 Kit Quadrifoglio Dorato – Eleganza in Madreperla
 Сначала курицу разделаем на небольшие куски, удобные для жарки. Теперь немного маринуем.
○ ○ ○ ○
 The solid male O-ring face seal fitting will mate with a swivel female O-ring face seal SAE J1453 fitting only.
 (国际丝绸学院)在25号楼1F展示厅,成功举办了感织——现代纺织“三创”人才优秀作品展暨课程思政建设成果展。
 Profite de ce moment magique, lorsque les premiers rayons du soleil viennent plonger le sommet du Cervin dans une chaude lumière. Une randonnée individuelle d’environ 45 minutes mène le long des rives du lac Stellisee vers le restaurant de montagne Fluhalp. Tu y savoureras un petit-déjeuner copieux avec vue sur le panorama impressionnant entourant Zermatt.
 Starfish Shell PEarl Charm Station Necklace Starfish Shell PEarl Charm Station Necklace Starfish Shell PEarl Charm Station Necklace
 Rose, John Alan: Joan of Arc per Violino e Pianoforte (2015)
○ ○ ○ ○
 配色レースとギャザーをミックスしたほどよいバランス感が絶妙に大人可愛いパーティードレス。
○ ○ ○ ○
• Your goal:
Everything from the line containing "Profite de ce" through the line containing "Starfish Shell PEarl Charm Station Necklace Starfish" in the material above should be retyped exactly, both ends included, and nothing more.

• Task output:
 Profite de ce moment magique, lorsque les premiers rayons du soleil viennent plonger le sommet du Cervin dans une chaude lumière. Une randonnée individuelle d’environ 45 minutes mène le long des rives du lac Stellisee vers le restaurant de montagne Fluhalp. Tu y savoureras un petit-déjeuner copieux avec vue sur le panorama impressionnant entourant Zermatt.
 Starfish Shell PEarl Charm Station Necklace Starfish Shell PEarl Charm Station Necklace Starfish Shell PEarl Charm Station Necklace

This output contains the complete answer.